- About this task: Images should be omitted while the rest of the data is duplicated exactly.

- Data section:
-*-*-

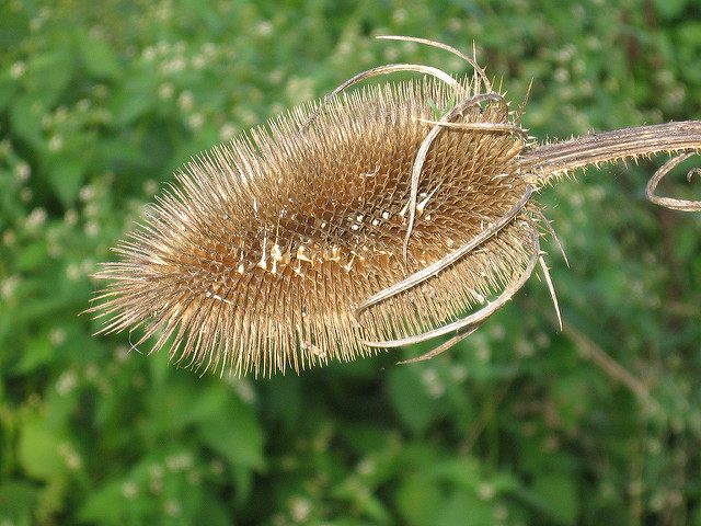 La cardère à foulon (Dipsacus sativus) est une plante bisannuelle de la famille des Caprifoliaceae, atteignant 1 à 2 mètres de hauteur. Elle se caractérise par des tiges robustes et épineuses, dotées de feuilles opposées soudées à la base, formant des cupules retenant l'eau de pluie. Les inflorescences sont des capitules ovoïdes de 4 à 8 cm, composés de petites fleurs rose pâle s'épanouissant progressivement de la base vers le sommet. Originaire d'Europe du sud et d'Asie occidentale, cette plante préfère les zones tempérées et les habitats perturbés. Son port dressé et ses épines acérées la rendent facilement reconnaissable dans la flore sauvage comme dans les cultures.
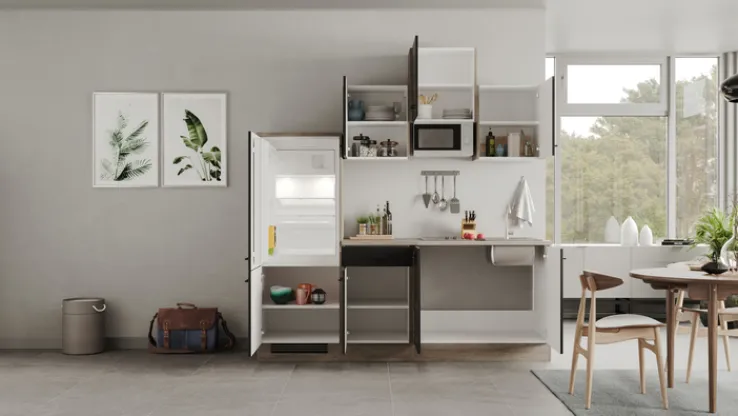 Die kompakte MARY Touch Singleküche hüllt sich auf rund 210 x 205 x 60 cm nahezu komplett in Schwarz, lediglich der untere Teil aus Endgrain Oak Dekor setzt einen gekonnten hellen Kontrast. Ideal für kleinere Wohnungen und Single-Haushalte, bietet die Küche genügend Freiraum für eine bis zwei Personen. Küchengeräte sind bei der Singleküche MARY Touch schon enthalten. Die Küchenzeile bringt sowohl eine Mikrowelle als auch einen Kühlschrank, eine Glaskeramik-Doppelkochplatte und Spüle mit. Damit können sich auch Hobbyköche voll und ganz ausleben. Die Metallbügelgriffe verleihen der Singleküche indes einen eleganten Akzent, auch die individuelle Anordnung der Hängeschränke unterstreicht die stilvolle Formsprache.
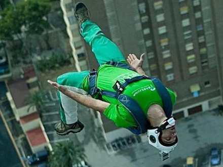 Basejumping er udspring fra høje klipper eller bygninger med faldskærm og eventuelt et wingsuit, der gør det muligt at svæve gennem luften.
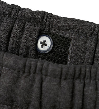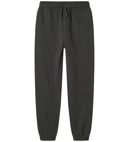 Soft LMTD sweatpants in melange dark grey. The sweatpants have an elastic waistband that can be adjusted with buttons inside. There is a decorative lace at the front and practical pockets on the sides. The sweatpants have elastic in the leg openings. The inside is made of soft, brushed cotton.

-*-*-

- Worked solution:
 La cardère à foulon (Dipsacus sativus) est une plante bisannuelle de la famille des Caprifoliaceae, atteignant 1 à 2 mètres de hauteur. Elle se caractérise par des tiges robustes et épineuses, dotées de feuilles opposées soudées à la base, formant des cupules retenant l'eau de pluie. Les inflorescences sont des capitules ovoïdes de 4 à 8 cm, composés de petites fleurs rose pâle s'épanouissant progressivement de la base vers le sommet. Originaire d'Europe du sud et d'Asie occidentale, cette plante préfère les zones tempérées et les habitats perturbés. Son port dressé et ses épines acérées la rendent facilement reconnaissable dans la flore sauvage comme dans les cultures.
 Die kompakte MARY Touch Singleküche hüllt sich auf rund 210 x 205 x 60 cm nahezu komplett in Schwarz, lediglich der untere Teil aus Endgrain Oak Dekor setzt einen gekonnten hellen Kontrast. Ideal für kleinere Wohnungen und Single-Haushalte, bietet die Küche genügend Freiraum für eine bis zwei Personen. Küchengeräte sind bei der Singleküche MARY Touch schon enthalten. Die Küchenzeile bringt sowohl eine Mikrowelle als auch einen Kühlschrank, eine Glaskeramik-Doppelkochplatte und Spüle mit. Damit können sich auch Hobbyköche voll und ganz ausleben. Die Metallbügelgriffe verleihen der Singleküche indes einen eleganten Akzent, auch die individuelle Anordnung der Hängeschränke unterstreicht die stilvolle Formsprache.
 Basejumping er udspring fra høje klipper eller bygninger med faldskærm og eventuelt et wingsuit, der gør det muligt at svæve gennem luften.
 Soft LMTD sweatpants in melange dark grey. The sweatpants have an elastic waistband that can be adjusted with buttons inside. There is a decorative lace at the front and practical pockets on the sides. The sweatpants have elastic in the leg openings. The inside is made of soft, brushed cotton.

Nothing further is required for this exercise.